If you’re having difficulty resolving your eating problems, perhaps you’re not managing the rest of your life very well. So many troubled eaters consider their eating problems to be separate from everything else in their lives. They say, “Thing are great—except my eating” or “Life would be terrific—if only I could lose 10 (or 50) pounds.” While I’m glad that so many people think that life is going swimmingly, I fear they’re not connecting the dots between what’s wrong in their lives and what’s wrong with their eating.
Maybe it’s easier for them to think about what they perceive as their dysfunctional relationship with food than to admit having problems in other parts of their lives. Maybe they’re uncomfortable acknowledging that: they’re having trouble with their job or boss, having kids isn’t the joy they expected it to be, they feel burdened taking care of their elderly parents, their marriage isn’t working out, or that although they were miserable when they were married, but it’s not so hot being divorced either.
Almost everyone complains about eating or “weight” problems, so these areas have become an okay place to dump our frustrations. If you were raised to not complain or fear “burdening” others with your problems, you may be unhappy with your life, but feel it’s not okay to kvetch about it. Moreover, the problems you do have that you’re denying to others—and maybe even yourself—may be causing you so much stress that it makes a sane, healthy relationship with food nearly impossible.
Think about how other areas of life impact your eating. For example,
Do you love your job, except for the fact that you have so much to do on a daily basis that you rarely have time to eat or take a break?
Are you the one doing all the cleaning and childcare in the family, so that you’ve built up a head of resentment about being stuck with it while your partner takes it easy?
Are people so used to you saying yes to their requests for help that you have no time to take care of yourself and feel like you don’t dare say no?

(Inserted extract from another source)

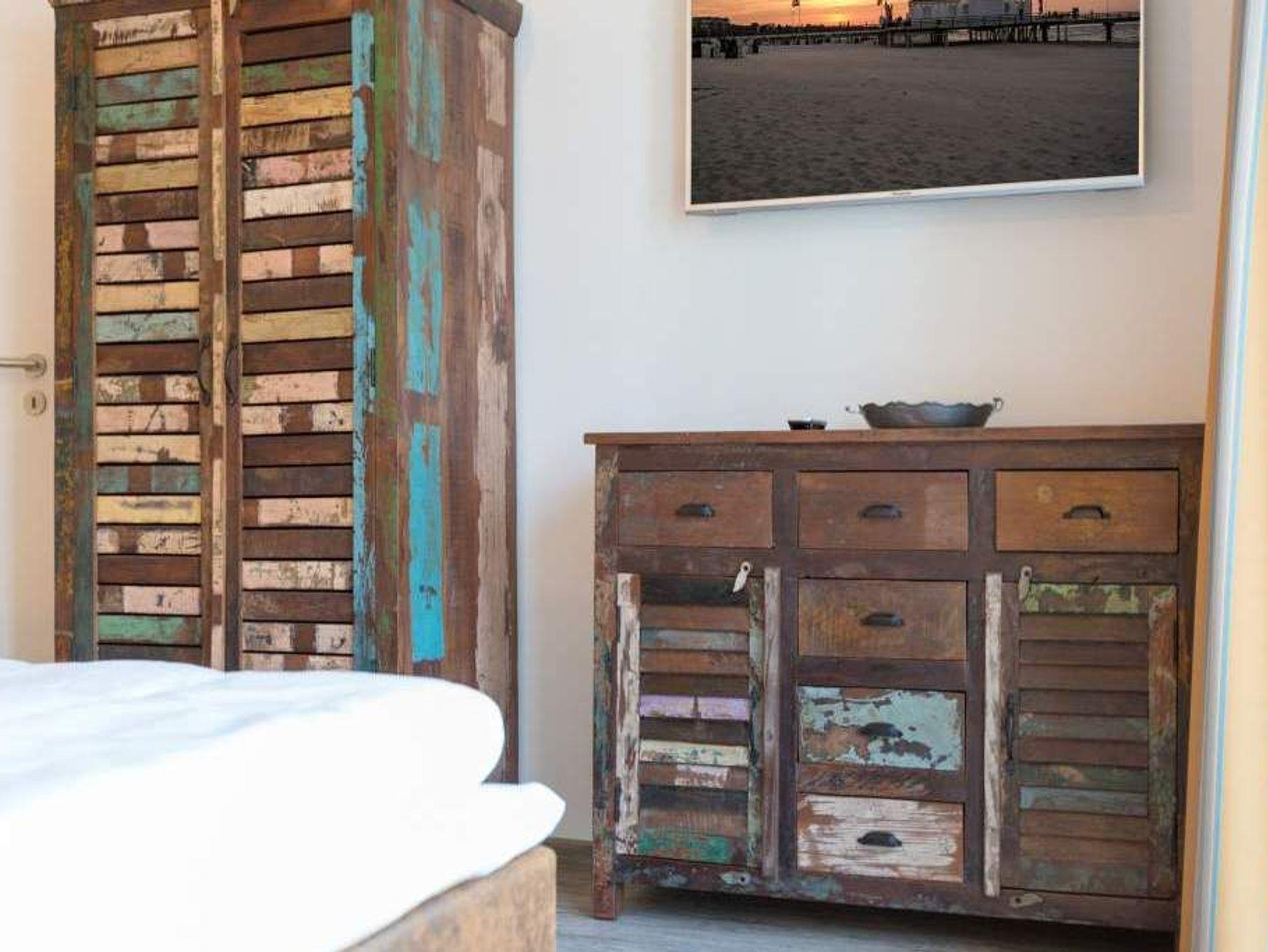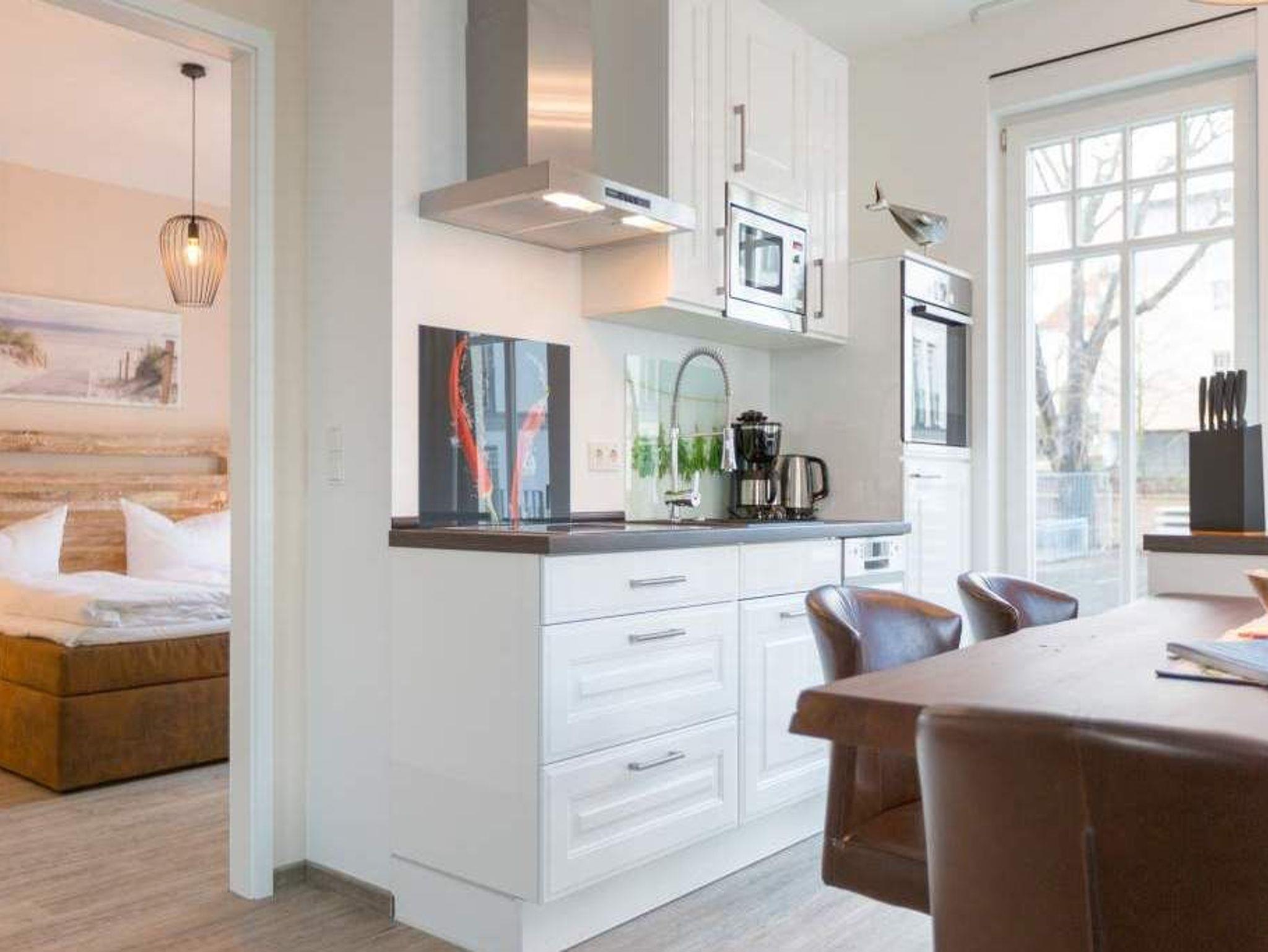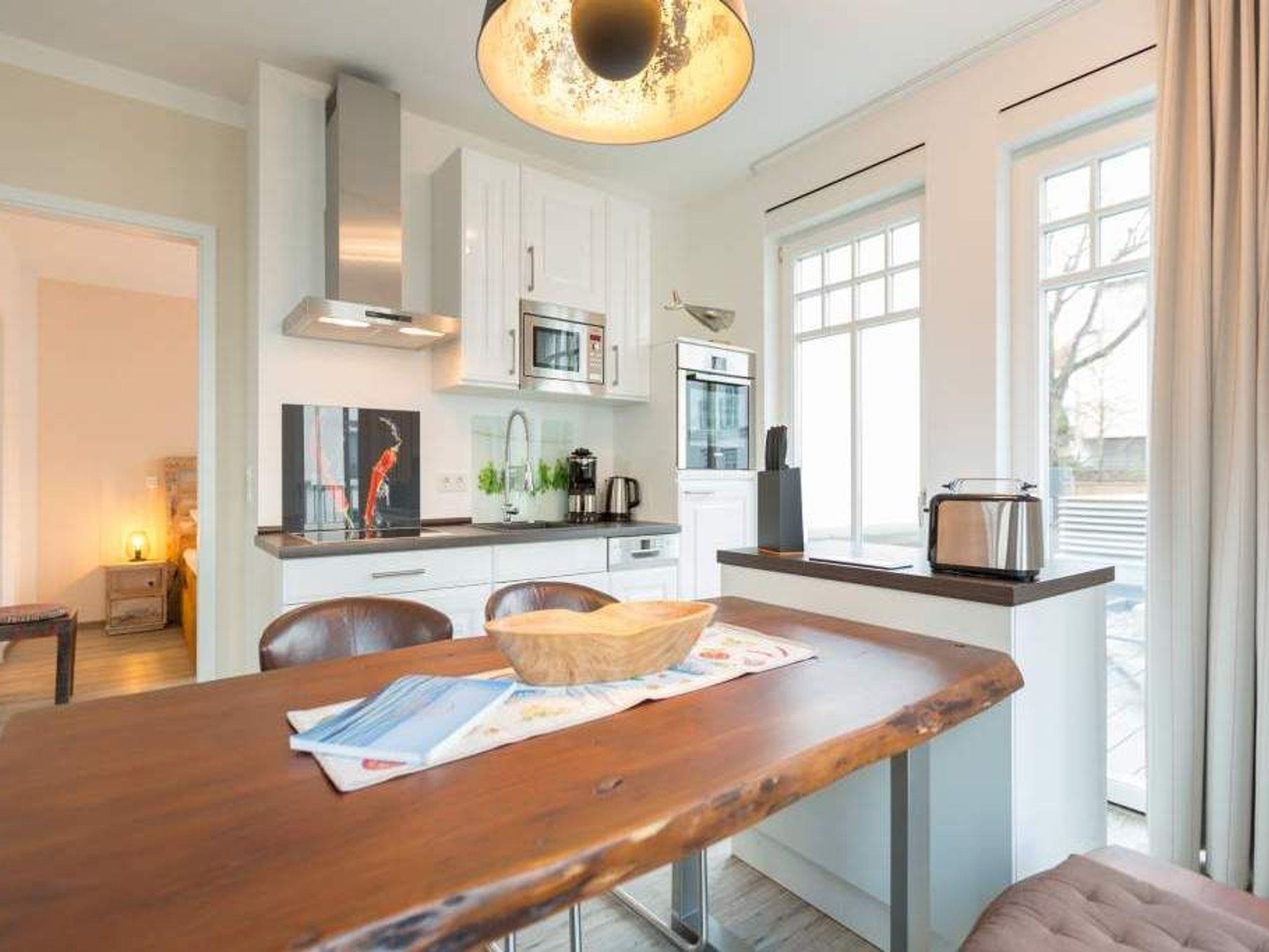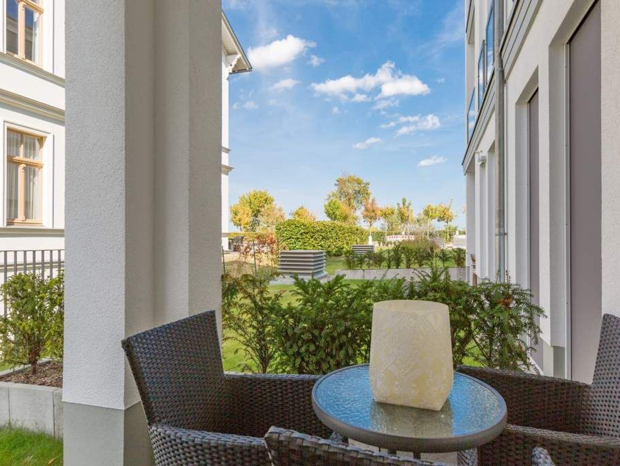 Zu spüren, wie jeder Muskel sich entspannt, wie die Seele zur Ruhe kommt und man tief durchatmet, während durch die großen, offenen Fenster die gerade einmal 20 Meter entfernte Ostsee ins Wohnzimmer rauscht ? angekommen in der Wohnung Nummer 4 im Erdgeschoss der Villa Westend sind Sie auch gleich im Urlaubshimmel. Denn die 84 Quadratmeter, die Platz für 4 Personen [&] 1 Kleinkind ( bis 2 Jahre im Kinderreisebett) bietet, ist anders, ist extravagant, stylisch und doch unglaublich einladend, behaglich und komfortabel. Hier treffen shabby Kolonialstil auf modernes Design, exotische Massivholzmöbel auf Art Deco und Industrial Chic. Ein harmonischer Stilmix, der diesem Urlaubsappartement ein ganz besonderes Flair verleiht. Die großen Ohrensessel oder die Ledercouch im luftigen und geräumigen Wohn-Esszimmer eignen sich bestens zum gemütlichen Relaxen. Ein Flat-TV mit integrierter Soundbar sorgt für Unterhaltung. Der Elektrokamin im Wohnzimmer bringt Kuschelstimmung auf Knopfdruck. Ein wunderschöner Echtholztisch ist das Verbindungsglied zur modernen und offenen Küche. Mit den hochwertigen Markengeräten macht das Kochen und Dinieren so richtig Spaß. Oder setzen Sie sich auf die Terrasse. Genießen Sie von hier aus die Sonne. Denn Dank der Süd-West-Ausrichtung können Sie hier zusätzlich zum wunderbaren Blick in den Garten auch die letzten Sonnenstrahlen des Tages noch auskosten. Auch wenn man im Urlaub möglichst keine Sekunde verschlafen möchte, verschaffen die beiden großen Doppelboxspringbetten (jeweils 1,80 m x 2,00 m) in den beiden Schlafzimmern einen erholsamen Schlaf. Viel Ablagemöglichkeit bieten hier die großen Vintage-Schränke. In jedem Schlafzimmer gibt es einen Flat-TV. Die Nichtraucher-Wohnung verfügt über zwei Bäder mit Dusche, Waschtisch und WC. Ein Highlight ist im Masterbad eine finnische Sauna, die für das ganz exklusive und eigene Spa-Gefühl sorgt. Handtücher liegen schon für Sie bereit und die Betten sind, wenn Sie ankommen, frisch bezogen. In der Tiefgarage steht für Sie ein Pkw-Stellplatz Nr. 25 zur Verfügung. WLAN gibt es kostenfrei.

The truth is that nearly every decision you make in life can affect your eating. Decide to take more time for yourself and create a more balanced life, and I bet you do less mindless eating. Ignore feelings that you don’t believe you should have or express, and my hunch is that you’re going to do a great deal more emotional eating. Nearly every aspect of life has the potential to add or decrease stress, give you more or less self-care time, and increase or shrink your happiness. Consider that you may not have an eating problem, but may be suffering from life problems that negatively affect your eating.